_EXERCISE DATA:_
╭──
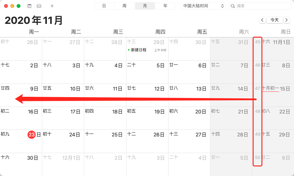 MacBook日历App,如何将「周数/星期数」展示在周一,而非目前展示在周日?
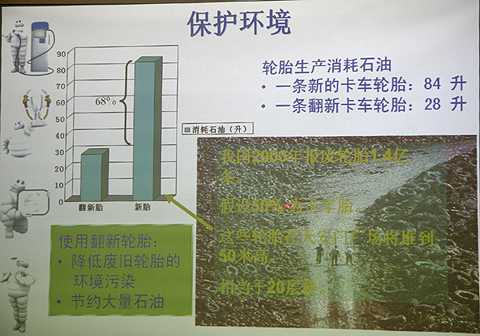 - 大量减少石油消耗。因为轮胎生产消耗石油,生产一条新的卡车轮胎平均消耗石油84升,而翻新一条卡车轮胎平均消耗石油28升
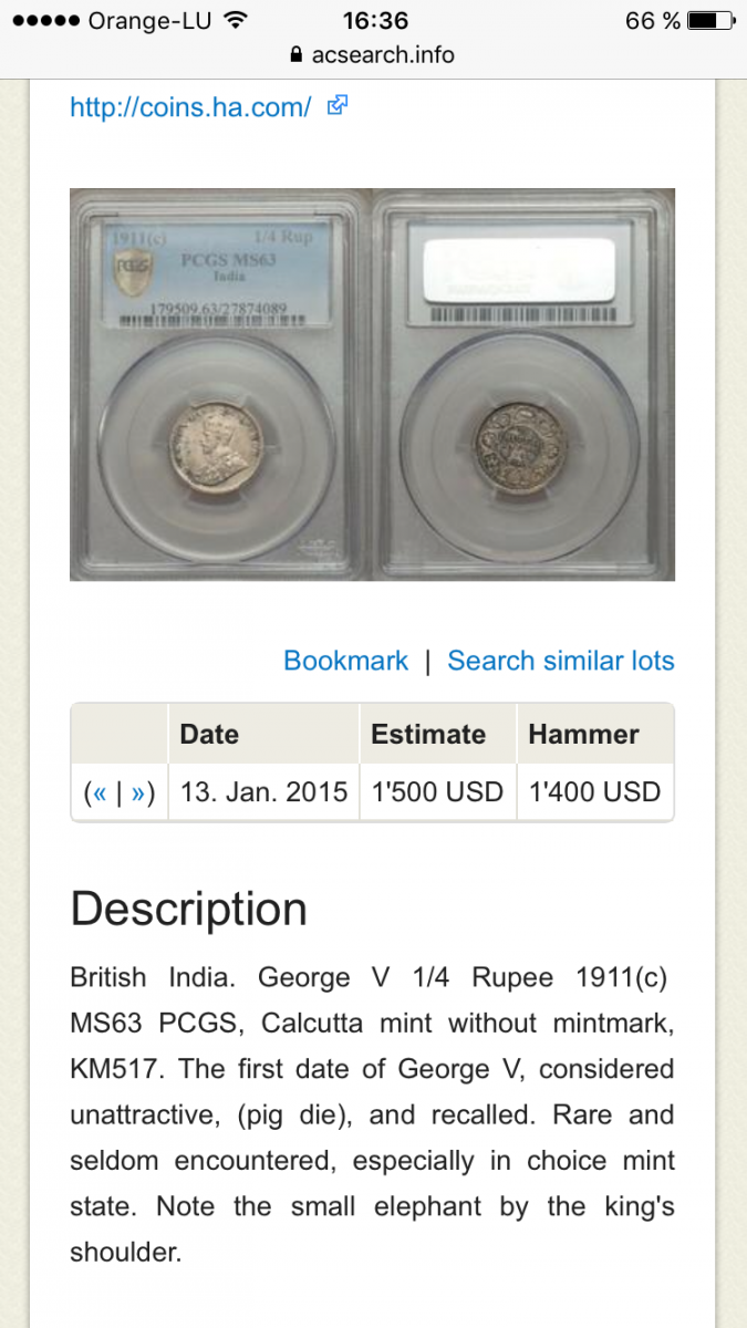 И продажа 1/2 рупии 1911 года, правда, MS64:
╰──
_TASK PROMPT:_ With the pictures set aside, copy each line above as written.

_OUTPUT OF THE TASK:_
 MacBook日历App,如何将「周数/星期数」展示在周一,而非目前展示在周日?
 - 大量减少石油消耗。因为轮胎生产消耗石油,生产一条新的卡车轮胎平均消耗石油84升,而翻新一条卡车轮胎平均消耗石油28升
 И продажа 1/2 рупии 1911 года, правда, MS64:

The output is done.